This Act mandates annual suicide prevention training for VA community care providers and establishes a public list of those who complete it to enhance veteran access to specialized care.
Bill Huizenga
Representative
MI-4
The Veterans Suicide Prevention and Care Enhancement Act of 2026 mandates annual suicide prevention training for community care providers participating in the VA program. It requires the VA to create and maintain a public "Preferred Provider List" of all trained providers to help veterans access specialized care. The Secretary must also report annually to Congress on the implementation and effectiveness of this new provider list.
This bill, officially known as the Veterans Suicide Prevention and Care Enhancement Act of 2026, requires the Department of Veterans Affairs (VA) to implement annual, evidence-based suicide prevention training for all healthcare providers in its community care network. Within 180 days of the bill becoming law, the VA must launch a public 'Preferred Provider List' featuring every doctor or clinic that has completed this specific training. The goal is to ensure that when veterans seek care outside of a VA facility, they can easily identify which local providers have the specialized skills to handle the unique mental health challenges faced by former service members.
Under Section 2, the VA won't just offer the training; they are required to verify it annually. For a veteran living in a rural area who sees a local private specialist through the Community Care Program, this means their doctor will now have access to—and be expected to complete—VA-approved suicide prevention protocols. If a provider has already done similar high-level military health training elsewhere, the Secretary can grant a waiver to include them on the list, ensuring the directory is as robust as possible. Providers also have the right to opt-out of the list if they choose, keeping the system flexible for private practices.

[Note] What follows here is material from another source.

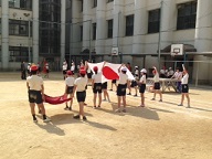 運動会の進行にあたっては、子どもたちがいろいろな役割を担います。入場行進、宣誓、市歌や運動会の歌、準備体操、整理体操、成績発表・・・・たくさんあります。

To make sure this isn't just a directory that sits on a shelf, Section 3 mandates a strict reporting schedule. The VA must track exactly how many providers are signing up and, more importantly, whether veterans are actually choosing these 'preferred' providers over others. By requiring an annual assessment of patterns and implementation challenges, the bill aims to identify if certain regions lack trained doctors. For a veteran or their family, this creates a transparent way to see if the local healthcare market is actually stepping up to meet the specific needs of the veteran community, backed by hard data reported directly to Congress.